He fumbled through the keys, cursing as he tried several on her shackles until the lock finally turned.
The moment those shackles fell off her ankles, the entire facility shook as though it were being excavated by a giant backhoe, the force so strong that it knocked both of them to the floor, the walls sounding as though they were caving in, the lights flashing, the deep reverberations coming straight through their torsos. Then, as the ground continued to rumble so violently that neither of them dared move, Osin knew what was happening, and he wondered if the Americans had changed their plans . . .
This wasn’t a “rescue” operation but an attempt to terminate their POW.
Or maybe Theron had been wrong about them. Maybe they knew the Snow Maiden was here, and this was their mission to kill her, with him squarely in their way.
* * *
A glimmer woke in the gray-black sheet of clouds, the tinniest of flashes over the fort’s communications dishes lying in silhouette like palms cupped toward the sky.
Next came a strange rush, like air blowing across the top of a deep-throated bottle.
And then the first of twelve impacts ripped into the ground with a force so sudden and loud that it drove Lex and his men back onto their rumps.
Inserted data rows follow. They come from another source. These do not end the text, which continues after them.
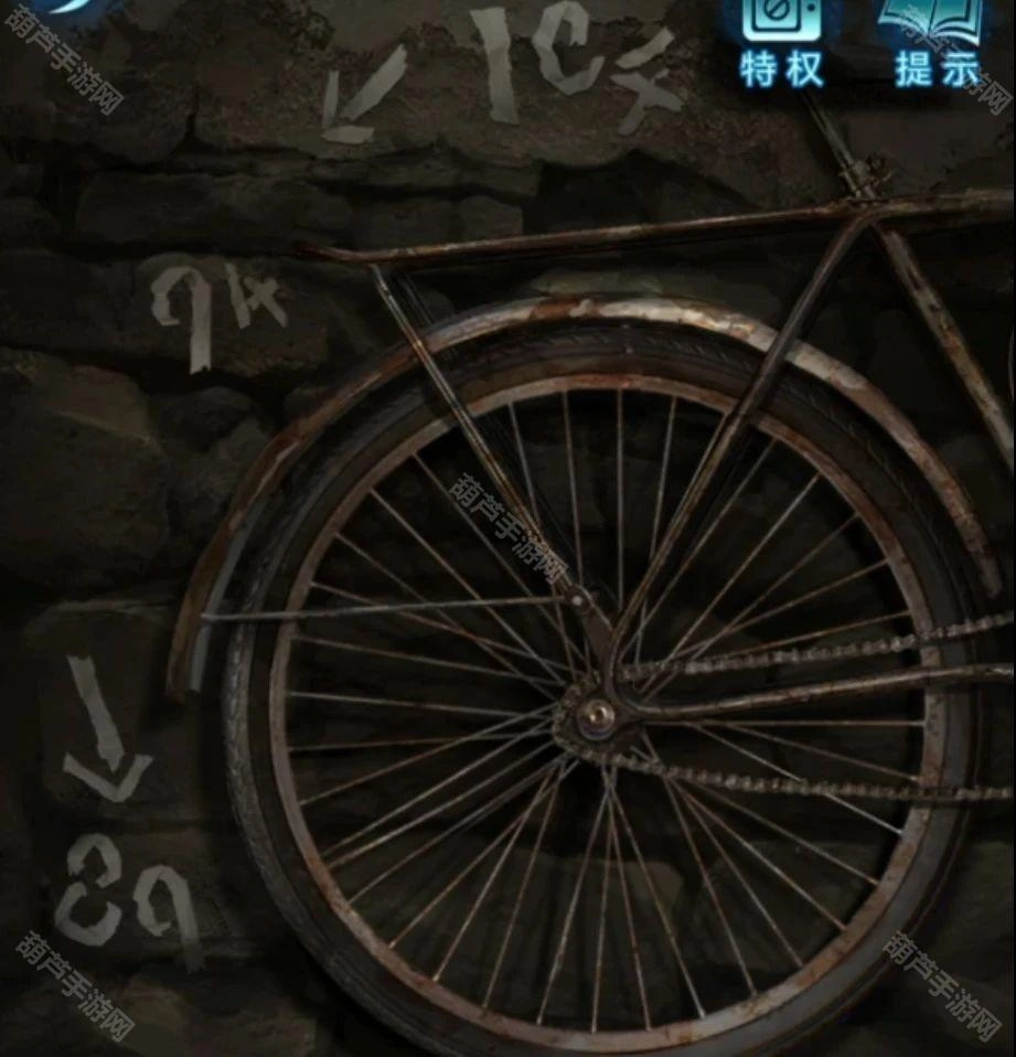 出门先给右边的自行车轮装上车链子,然后上面贴的纸条就甩了出来,按照箭头顺序的话组成了IC-x→94→89,考虑到应该都是数字,所以第一个应该是104,这几个数字结合屋里的收音机就能知道是频道了,顺序是104-94-89。注意车轮下面还有一根铁丝翘了起来,可以拿走,正好就用这个当天线吧。
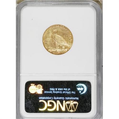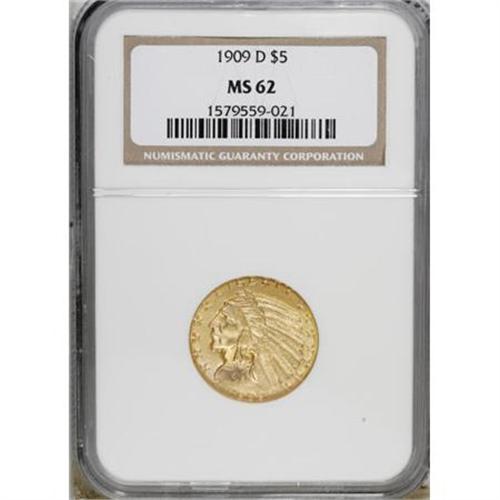 <B>1909-D $5 MS62 NGC.</B></I> . NGC Census: (7649/7796). PCGS Population (7666/10038). Mintage: 3,423,560. Numismedia Wsl. Price for NGC/PCGS coin in MS62: $905. (#8514)<BR><BR><B>Coin Engraver:</B> Bela Lyon Pratt<BR><BR><b>Shipping:</b> Coins & Currency (<a target="_blank" href="http://www.heritageauctions.com/common/shipping.php">view shipping information</a>)
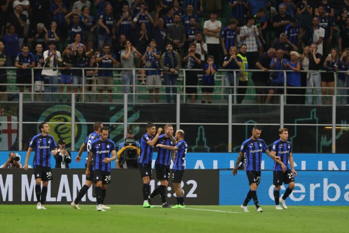 MILANO (ITALPRESS) – Un’Inter orfana di Lukaku approfitta del mezzo passo falso del Milan e supera in classifica i cugini grazie al 3-1 firmato ai danni di una Cremonese che esce comunque da San Siro a testa alta. Una sfida decisa dalle reti di Correa, Barella e Lautaro, con il centrocampista della nazionale azzurra dominante per tutti i 90 minuti. I padroni di casa sfiorano subito il vantaggio al 2′, quando Dimarco calcia una punizione che esce di un soffio alla sinistra dell’ex di turno Radu. Dieci minuti dopo arriva l’1-0. I grigiorossi concedono un ingenuo contropiede da corner a favore, con Barella che recupera palla e la porta rapidamente a ridosso dell’area opposta. La sfera arriva a Dzeko che calcia con il destro trovando la parata di Radu, ma sulla respinta è Correa il più sveglio di tutti nel ribattere in fondo al sacco. Il 2-0 arriva al 38′. Calhanoglu riceve palla in area e serve a mezza altezza con precisione Barella, il quale calcia al volo con il destro trovando l’angolino lontano e firmando un eurogol. Gli uomini di Inzaghi vanno dunque al riposo avanti di due reti. In avvio di ripresa, la banda di Alvini sfiora il gol con Aiwu, che di testa mette fuori di un soffio dopo un corner ben battuto dal neo entrato Zanimacchia. La neopromossa gioca con coraggio e Zanimacchia va al tiro dal limite al 14′ ma la sfera termina alta. Al 19′ è Dessers a mangiarsi il possibile 1-2, spedendo alle stelle in mezza rovesciata una palla ben servita da Okereke dalla destra. Al 28′ sono invece i nerazzurri a sfiorare il tris con un triplo tentativo ravvicinato firmato da Dzeko, Dumfries e Lautaro ma Radu è bravo a opporsi. Tre minuti più tardi è ancora uno scatenato Barella a innescare una ripartenza e a servire il Toro, il quale riceve palla, se ne va di forza al diretto marcatore e infila Radu con un mancino millimetrico nell’angolino che vale il 3-0. Al 45′ è Okereke a rendere meno amara la sconfitta ospite firmando un gol con un gran destro a giro dal limite che lascia impietrito Handanovic per il 3-1 definitivo. Un successo che consente all’Inter di salire a quota 9 al secondo posto in classifica, con un punto di vantaggio sul Milan in vista del derby di sabato. Per la Cremonese arriva invece il terzo ko in altrettante giornate.
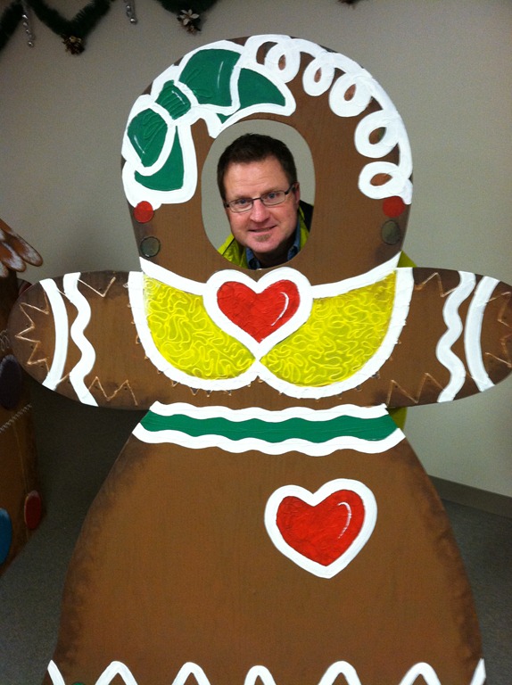Ha ha! I caught CJ in the gingerbread LADY cutout! He said he’s comfortable with his masculinity so it doesn’t bother him. To be fair, I posed in the man one.

As the tremendous earthquake continued, sounding like a million bass drums being hammered by enraged musicians, Lex rolled forward onto his hands and knees. Borya had patched them into the night-vision security cameras around the base, and Lex picked up his tablet and watched the devastation unfold in a phosphorescent glow.
The first rod struck the ground a few meters south of the main comm dishes, and the ground heaved as though the blast had come from within, cracking the concrete pylons and sending all four dishes plummeting to smash like fragile flowers across the service roads, metal peeling back like petals and jutting into the earth. The radar station buildings below the dishes were lifted into the air and flipped over like pancakes, the men inside given instant funerals and burials, sans all the dramatic weeping and overpriced caskets.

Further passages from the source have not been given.